2.16. Proplatelet formation assay
For primary cultured Mks, cells were harvested on day 8 for PPF assay. 24-well plate was coated with 100 μg/mL fibrinogen overnight at 4°C and then blocked with 1% bovine serum albumin for 1 hour at 37°C. Mks were incubated in coated plates to adhere and form proplatelets for 5 hours at 37°C. For cell lines, MEG-01/sh-NC and MEG-01/sh-MXRA7 cells (2 × 105 cells/well) were seeded into 6-well plate and incubated for 72 hours in the presence of 10 ng/mL rhTPO. Proplatelet-forming Mks were captured and counted using light microscopy.
2.17. Reverse transcription-quantitative real-time PCR
The total RNA was extracted from BM cells, PBMCs, or MEG-01 cells with RNAiso plus reagent (9109, TaKaRa, Dalian, China), and reverse-transcribed into cDNA with Reverse Transcriptase M-MLV reagent (2641, TaKaRa) according to manufacturer’s instructions. Quantitative real-time PCR (qPCR) was performed using SYBR Premix Ex Taq reagent (rr420, TaKaRa) and carried out on a QuantStudio 3 Real-Time PCR System (Applied Biosystems, Foster, California). The primers used in the study were synthesized by Genewiz Company (Suzhou, China) and listed in Supplemental Table S1, http://links.lww.com/BS/A66. The β-actin gene was used as an internal control and the data were analyzed using 2−ΔΔCt method.

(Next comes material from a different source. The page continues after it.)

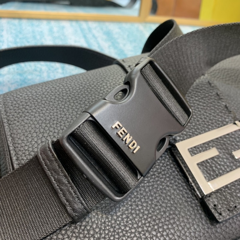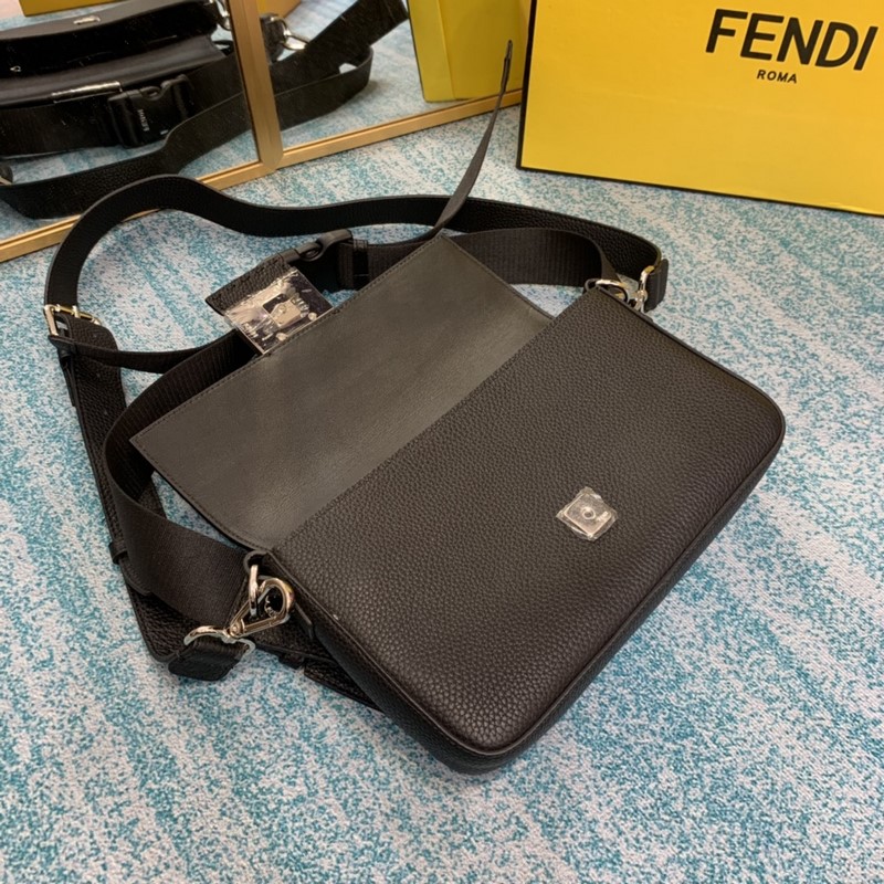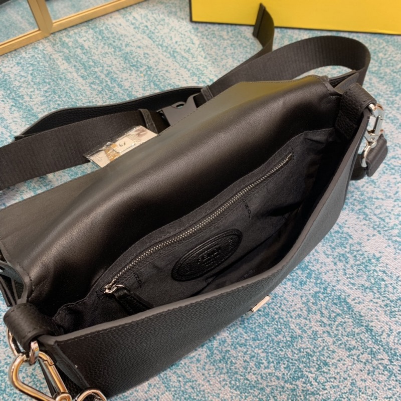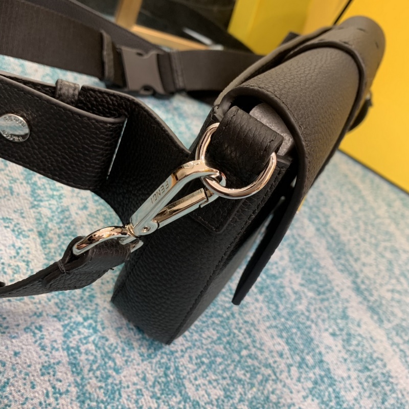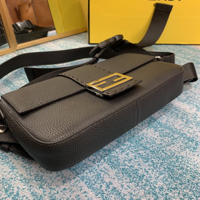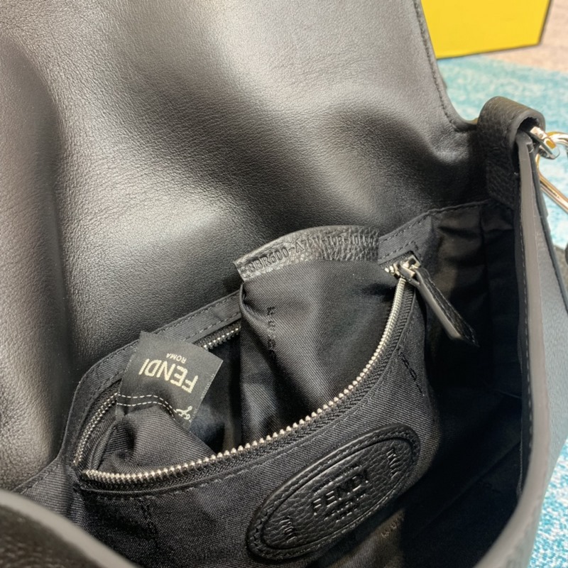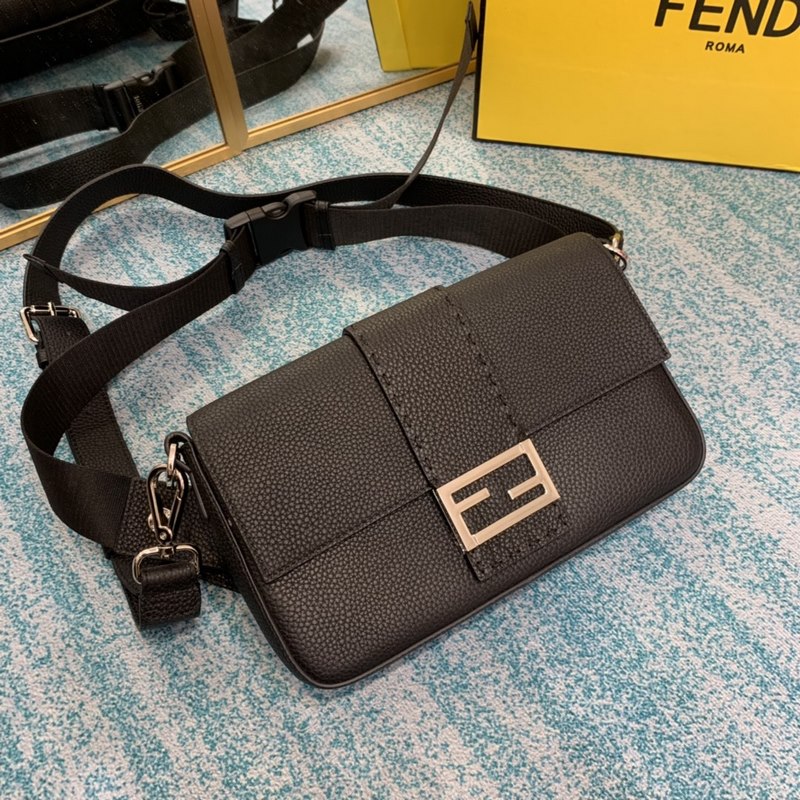 펜디 실버톤 사각형 플랩 디자인의 표준 바게트 핸드백 FF 자석 걸쇠 잠금장치. 뒷면의 외부 주머니에서 벨트를 빼서 허리 가방으로 착용하거나 탈착식 어깨 끈을 사용하여 어깨에 메거나 크로스 바디로 착용할 수 있습니다. 지퍼가 달린 안감 주머니. 이탈리아산 검은색 로마노 가죽으로 제작. 크기 28*18*7cm. 포장 포함 번호: BD96181300

2.18. Western blot analysis
Total proteins were extracted from cells with the strong Radio-Immunoprecipitation Assay (RIPA) lysate kit (P0013B, Beyotime), and the concentration of protein samples was determined by BCA method. Proteins were denatured, separated by SDS-PAGE gel and transferred to polyvinylidene difluoride membranes. The membranes were blocked with 5% non-fat powdered milk or 3% BSA in TBST for 2 hours at room temperature and incubated with primary antibodies overnight at 4°C. The primary antibodies used in the study were against MXRA7 (HPA044819, Sigma, St. Louis, MO), AKT (4685), p-AKT (4060), ERK (4695), p-ERK (4370) (all from Cell Signaling Technology, Danvers, Massachusetts), β-Tubulin (HC101, TransGen Biotech, Beijing, China) and GAPDH (KM9002, SUNGENE, Tianjin, China). Following three times washes with TBST, the membranes were incubated with HRP-conjugated goat anti-rabbit IgG (7074) or goat anti-mouse IgG (7076) antibody (Cell Signaling Technology) at room temperature for 1.5 hours. After washing off the unbound antibody with TBST for three times, the protein bands were detected by an enhanced chemiluminescence (ECL) kit (P0018M, Beyotime) using a CLiNX Science Instrument (Shanghai, China). The intensity of the target protein bands was calculated using Image J software.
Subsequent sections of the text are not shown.